As described by Pflanz et al. (5) IL-27-induced STAT3 activation is attributed to gp130 whereas STAT1 activation is mediated mainly by WSX-1 (26). Interestingly, our data support that SOCS3 targets the signaling downstream of both IL-27 receptor subunits gp130 and WSX-1. SOCS3 has been described to inhibit receptor-specific STAT3 signaling in human and murine macrophages (14, 16, 27). gp130 signaling is selectively affected by SOCS3 because IL-6 (via gp130)- but not IL-10 (via IL-10 receptor)-induced STAT3 activation is blocked by SOCS3. As shown by Nicholson et al. (12), SOCS3 can interact directly with gp130 by binding on its phosphotyrosine 759 motif and therefore compete with SHP2/JAK. Moreover, Song and Shuai (28) demonstrated that SOCS3 can also inhibit STAT1 tyrosine phosphorylation and its nuclear translocation.

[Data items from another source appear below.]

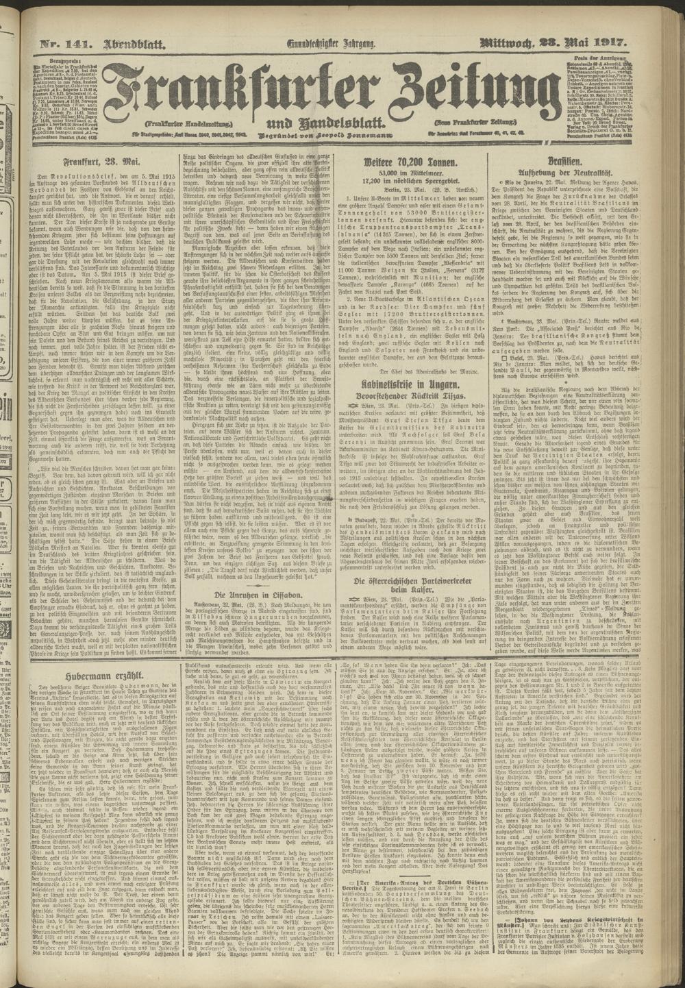 23.05.1917 = Nr. 141. Abendblatt
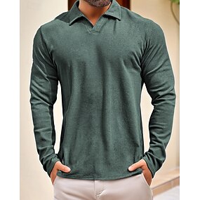 Herre Poloskjorter Golf skjorte Avslappet Gate Knaphul Langermet Grunnleggende Moderne عادي Klassisk Vår Høst Normal Blå Svart Hvit Grønn Kakifarget Poloskjorter
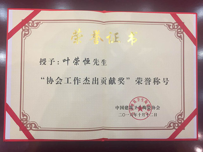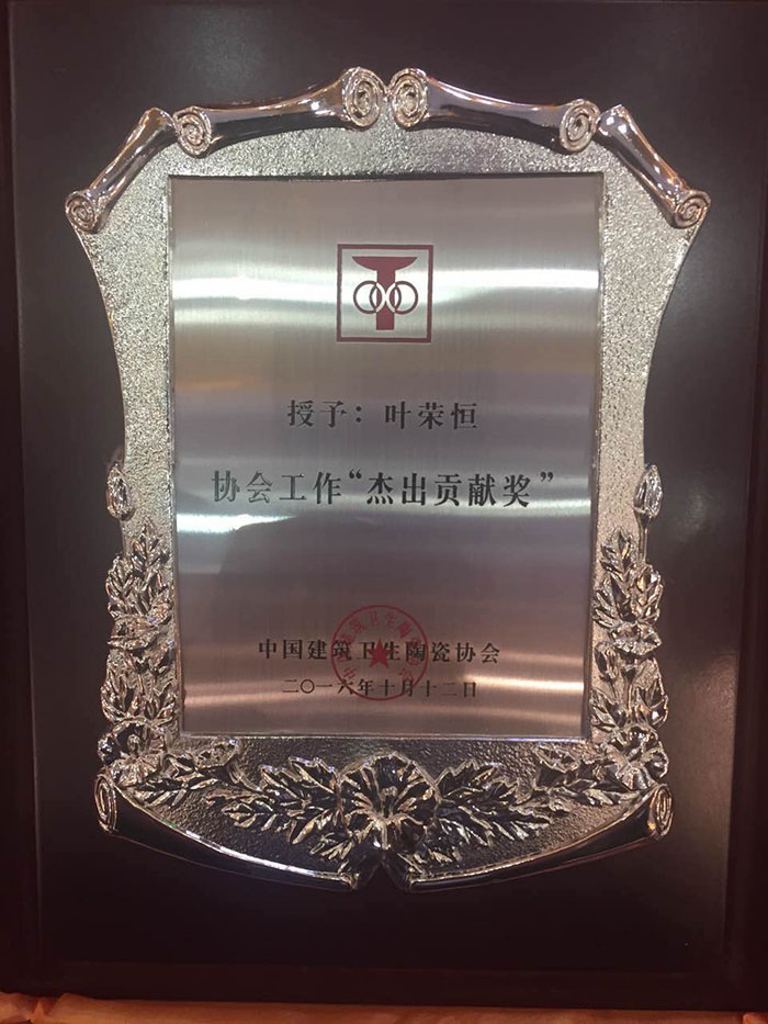 2016年10月12日,以“开拓创新,阔步奋世”为主题的中国建筑卫生陶瓷协会创立30周年庆典暨七届三次理事会议在淄博举行,作为陶卫行业权威行业协会之一,中国建筑卫生陶瓷协会全面回顾总结了协会和行业30年主要工作,为三十年来作杰出贡献的先进个人及企业进行表彰,广东香蕉视频黄版精工建材有限公司董事长兼总经理叶荣恒荣获“杰出贡献奖”。
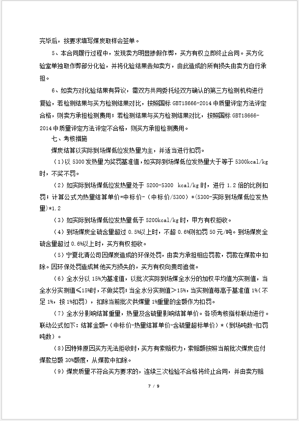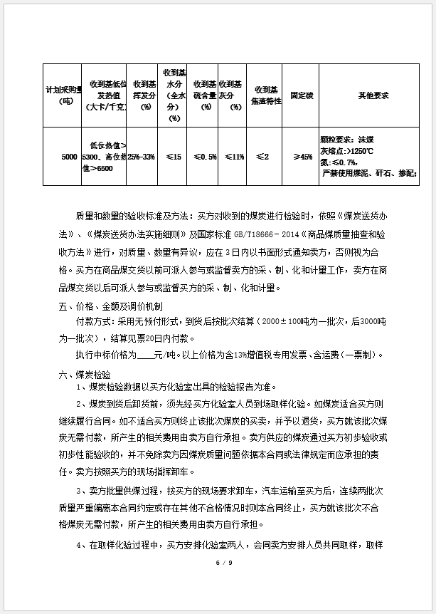 四 煤炭指标及计划采购煤量 相关要求 计划采购量(万吨) 0.5 低位热值>5300、高位热值>6500 收到基挥发分(%) 28~33 收到基水分(全水分)(%) ≤15 收到基硫含量(%) ≤0.5 灰分(%) ≤11 焦渣特性 ≤2 固定碳(%) ≥45 其他要求 颗粒要求:沫煤 灰熔点:>1250℃ 氮:≤0.7% 严禁使用煤泥、矸石、掺配 1. 到宁夏盐池县高沙窝工业园煤炭报价含税运,税率13%,一票制。 2. 设立指标考核条款。煤炭检验数据以买方化验室出具的检验报告为准。详见合同。 五 报价要求 1.本次挂牌竞价要求如下: a) 供应商报名:请扫描上方二维码进入报名主页,建议使用微信PC端进行操作; b)发送报价单(可编辑版、扫描件)至集团监察审计邮箱: ztbsj@shne.net.cn 邮件主题要求:宁夏北清挂牌竞价-煤炭报价单-XXXX公司 报价单模板见附件一 c)供应商报名和报价单发送需在截止报名时间前完成。 d)如二维码登录上传不成功,请把报名信息与报价单发送至上述集团监察审计邮箱。 2.其他要求见附件二 合同 3.如在操作过程中有任何问题,请联系 王女士 13810310735
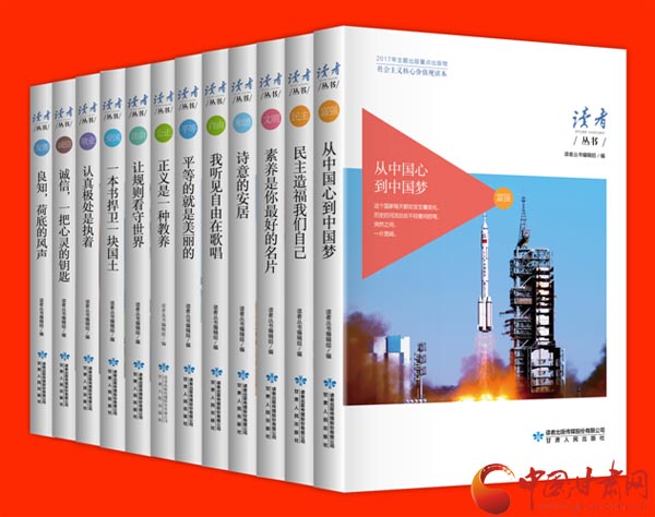 《讀者叢書·社會主義核心價值觀讀本》(共12卷)是中宣部、國家新聞出版廣電總局2017年主題出版重點出版物之一,于2017年7月由甘肅人民出版社出版發(fā)行。叢書圍繞“富強、民主、文明、和諧、自由、平等、公正、法治、愛國、敬業(yè)、誠信、友善”社會主義核心價值觀相關(guān)主題,從各種圖書、報刊、網(wǎng)站上精選600余篇優(yōu)美文章匯編成冊,每冊凸顯一個主題,為讀者奉上了一份精神佳肴和文化大餐。
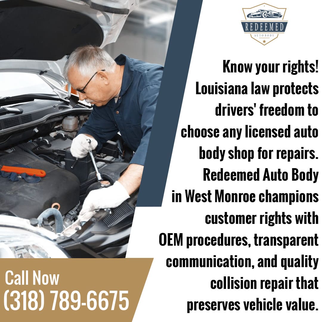 Louisiana law protects your right to choose where your car is repaired, yet insurers often pressure drivers toward preferred shops. At Redeemed Auto Body in West Monroe, LA, we prioritize your safety with OEM procedures, transparent communication, and limited lifetime warranties, proving that not all auto body repair services are the same.

This finding is also applicable for IL-27-induced SOCS3 as presented in this study. A major role of SOCS1 (the common regulator of STAT1 activation) (29) in the inhibition of IL-27-activated STAT1 seems unlikely in our experimental setup. This is because first, real-time PCR showed low expression of SOCS1 compared with SOCS3 with crossing points for SOCS1 above cycle 30 (keratinocytes) and 34 (macrophages), respectively (supplemental Fig. S1). Second, manipulation of SOCS3 expression (as shown in Fig. 5) clearly pointed to its functional role in STAT1 pathway regulation in our experimental approach. Furthermore, by actinomycin D treatment of macrophages we excluded receptor internalization or phosphatase activity as important regulatory mechanisms in this context.

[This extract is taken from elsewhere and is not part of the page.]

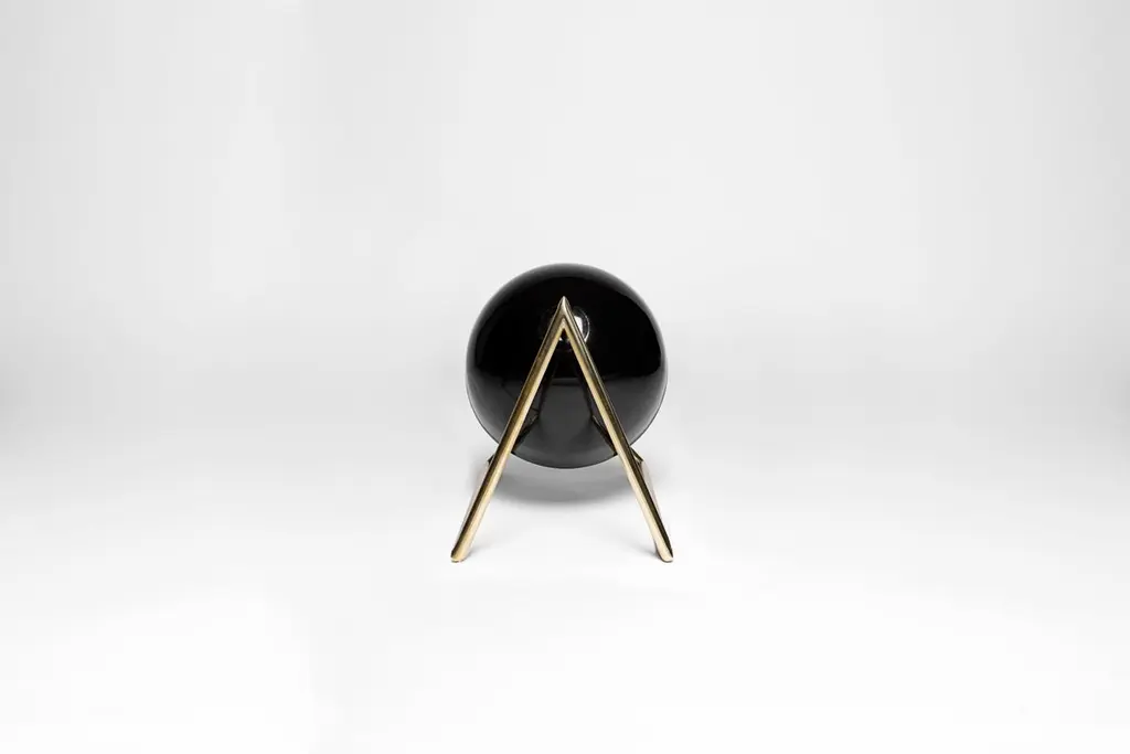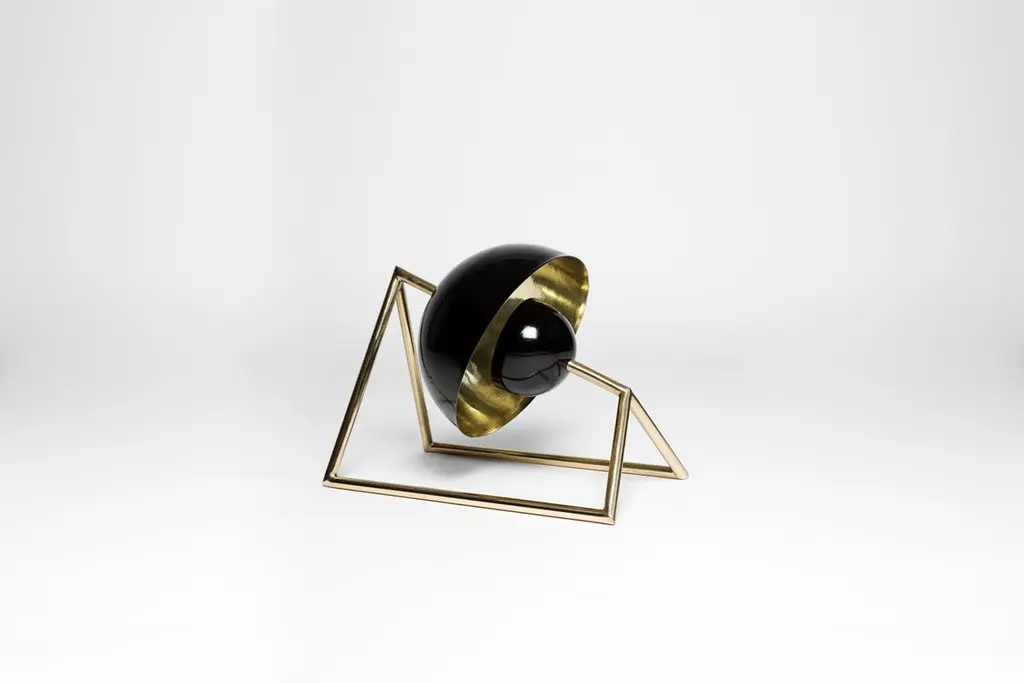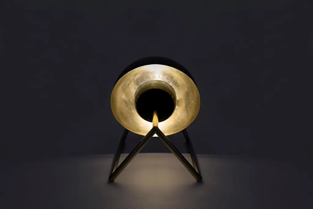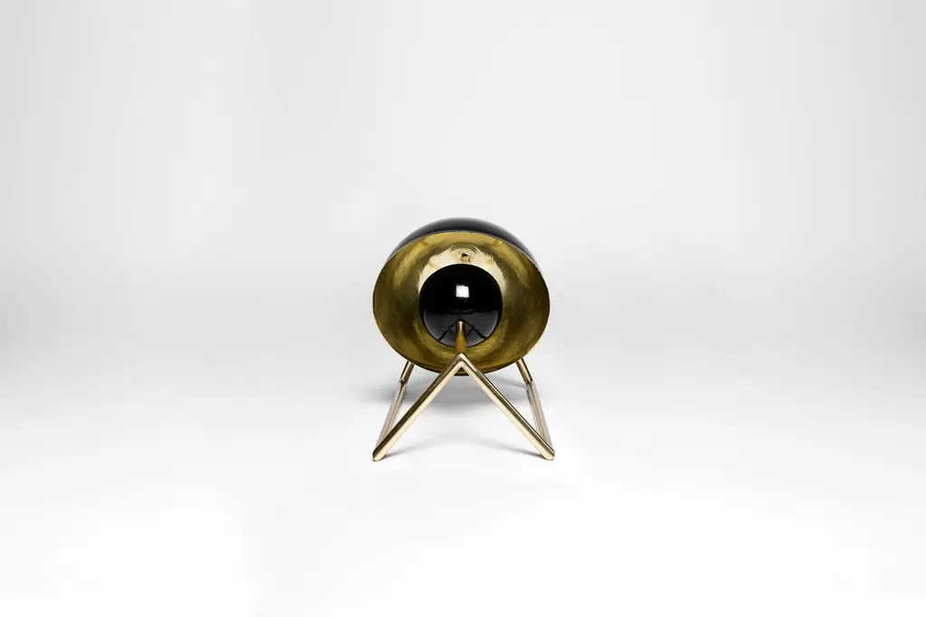 Luz lamp by Nomade Atelier.Dimensions: D 20 x W 34 x H 32 cm.Material: brass, golden hued LED lighting.Weight: 8 kg.All our lamps can be wired according to each country. If sold to the USA it will be wired for the USA for instance.Inspired by the first photographs of Pluto, this Nomade Atelier table lamp bounces off golden hued LED light from within its lacquered brass dome, thus evoking the meeting of heavenly bodies. Its linear design is reminiscent of the Bauhaus era: LUZ(14.07.15)..Nomade Atelier is an exclusive art, design and production studio, headed by Mexican visual artist Diana Quintero Vallejo and French-Moroccan architect Ismael Bachri.Founded in 2012, this project is for us a great laboratory for learning and experimenting with materials and concepts. We are a studio dedicated to the design of ideas that take shape with the manufacture of custom-made objects and furniture for residential, public and commercial spaces, as well as artistic, scenographic and museum installations.

IL-27-induced STAT1 activation appears to have an important role in regulating the course of proinflammatory responses. SOCS3 was rapidly up-regulated by IL-27 in macrophages, however, only responded once to IL-27 stimulation, whereas keratinocytes in which IL-27 failed to increase SOCS3 reacted repeatedly with proinflammatory mediator production. We conclude from our data that SOCS3 plays an important role in preventing macrophages from prolonged proinflammatory responses. By contrast, this feedback regulation is not mounted efficiently in epithelial skin cells. To confirm this we overexpressed SOCS3 in keratinocytes which results in an inhibition of STAT1 and STAT3 activation. Interestingly, overexpression of SOCS3 not only reduced IL-27 but also IFNγ-induced CXCL10 production. Thus, the impaired ability of keratinocytes to up-regulate SOCS3 affects their response to STAT1-activating molecules and results in a prolonged, unleashed production of proinflammatory mediators such as CXCL10. CXCL10 is one of the main chemokines attracting CXCR3⁺ IFNγ-producing T cells into the skin. The infiltration of CXCR3⁺ Th1 cells characterizes chronic inflammatory diseases such as psoriasis, cutaneous lupus erythematosus, and chronic states of eczematous conditions.

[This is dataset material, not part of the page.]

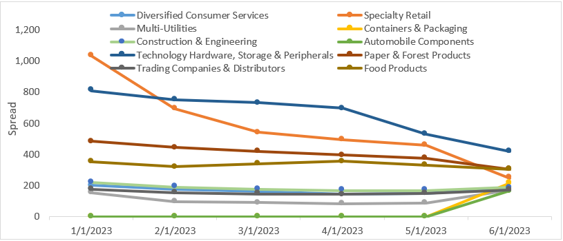 Figure 1: Top Ten Industries with Largest Spreads by End of Q2 2023
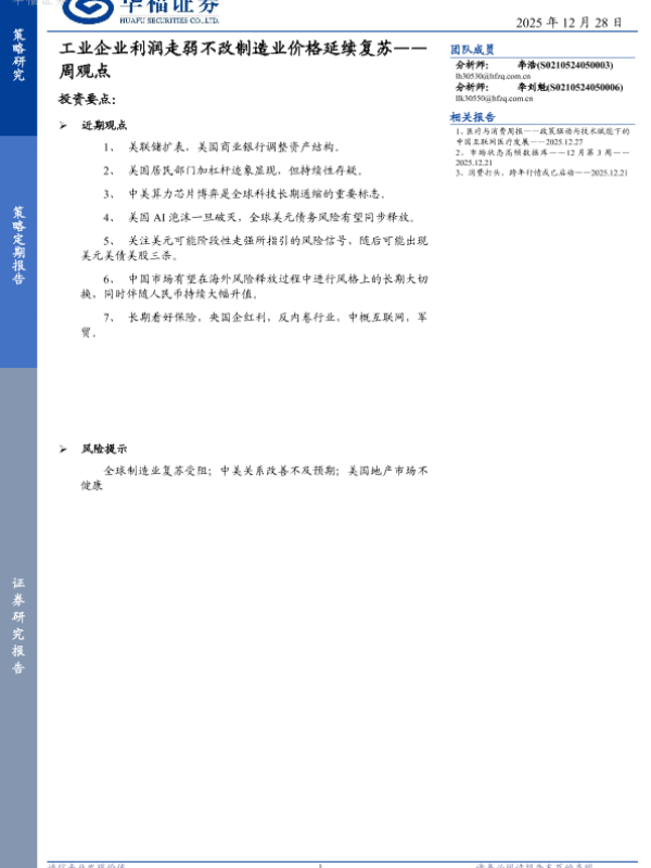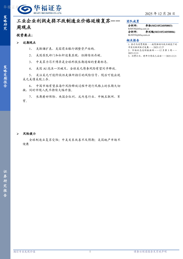 【华福证券】【202512】工业企业利润走弱不改制造业价格延续复苏——周观点-10页

Translating these novel findings to clinical relevance, we conclude that the dysfunctional SOCS3 expression in keratinocytes contributes to the chronification of inflammatory Th1/STAT1-dominated epidermal responses. Recently, we reported that IL-27 was found to be expressed in the chronic (Th1-dominated) but not in the acute phase of eczema (Th2-dominated) (2). In addition, Shibata et al. (1) found an infiltration of IL-27-secreting cells in psoriatic skin lesions. In both cases it may act as a strong proinflammatory mediator able to maintain Th1 cell response in the epidermal compartment. Interestingly, SOCS3 is reported to be mainly expressed under Th2 conditions. Horiuchi et al. (30) described that SOCS3 was found to be expressed in lesions of patients suffering from severe atopic dermatitis (Th2-dominated) but not in lesions from patients with the Th1/Th17-dominated disorder psoriasis. In addition, Ekelund et al. (31) linked the SOCS3 gene to atopic dermatitis, and Seki et al. (32) reported a strong correlation between SOCS3 expression and the pathology of Th2-mediated asthma and atopic dermatitis. These data imply that regulation of SOCS3 expression could be a therapeutic target for Th1-mediated inflammatory skin diseases.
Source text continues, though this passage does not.